Fix: Always contextualise! Write: "Questionnaires are useful for researching social class income gaps because they can reach a large sample, generating broad quantitative trends across different income brackets."

Pitfall 2: Confusing Reliability and Validity
Mistake: Saying an unstructured interview is "reliable because the person tells the truth."
Fix: Truth is validity! Unstructured interviews have high validity (truthfulness) but low reliability (hard to repeat identically).

Pitfall 3: Over-Evaluating in Section A Short Answers
Mistake: Spending time evaluating the strengths and limitations of a method in 2-mark or 4-mark questions.
Fix: In Section A short-answer questions, stick directly to what is asked—usually to identify or describe using the provided source.

Pitfall 4: Forgetting "Life Chances"
Mistake: Merely listing that an inequality exists without explaining its real-world impact.
Fix: Always complete the chain of reasoning by explaining how that inequality impacts housing, health, income, or wellbeing.

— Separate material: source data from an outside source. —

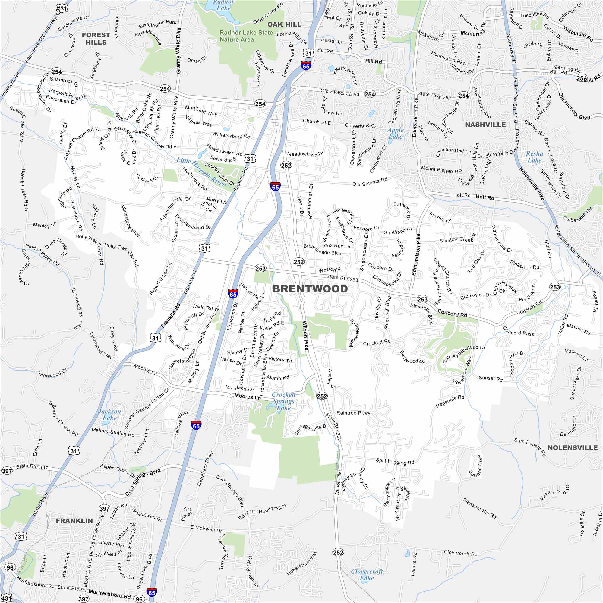 Explore Brentwood with our map. It’s known for large homes and green spaces. The city is close to Nashville but holds its own calm character.
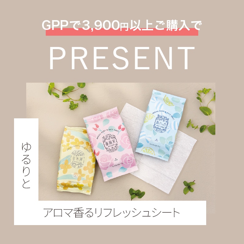GPPオンラインショップでは、下記の期間、1回のお買い物合計が3,900円(税込)以上で、『ゆるりと アロマ香るリフレッシュシート』のいずれかおひとつをプレゼント。
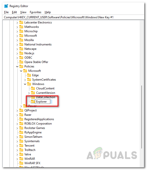 Navigating to Appropriate Location - Now, look under the Windows key to see if you have an Explorer key.
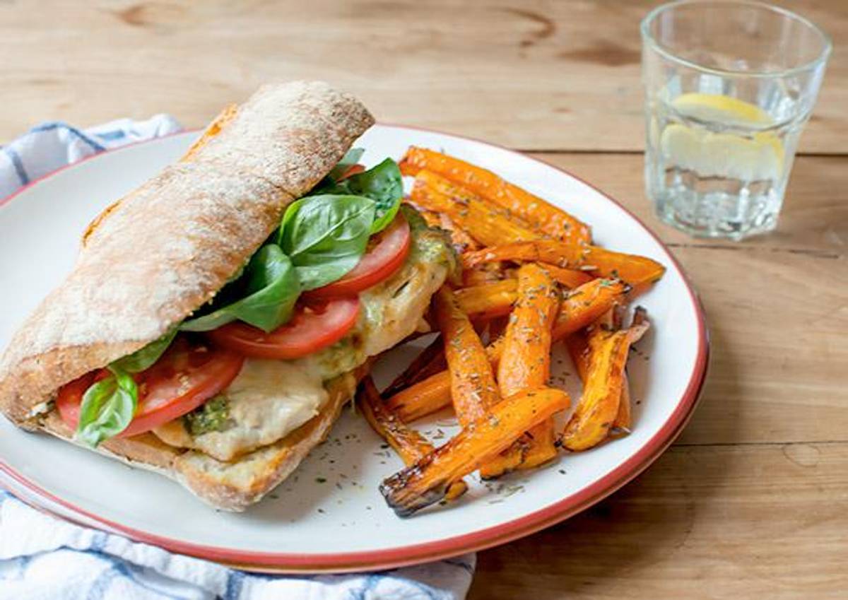 Hähnchen Ciabatta Burger mit Kürbiskernpesto-Mozzarella Haube

Quick Review: Essential Terms Checklist

Before moving on, make sure you can define each of these key terms in your own words:

Quantitative Data: Numerical information used by Positivists to spot trends.
Qualitative Data: In-depth descriptive data used by Interpretivists to understand meanings.
Reliability: Consistency and replicability of the method.
Validity: Accuracy and genuine truthfulness of the findings.
Representativeness: Extent to which the sample matches the wider population.
Verstehen: Empathetic understanding of participants' lived experiences.
Rapport: Trust established between researcher and participant (e.g., Ann Oakley).
Reflexivity: Researcher's critical reflection on their own influence on the study (e.g., Poulton).
Snowball Sampling: Gathering participants via referrals, essential for hard-to-reach groups.
Life Chances: The real-world opportunities people have to access good health, education, wealth, and housing.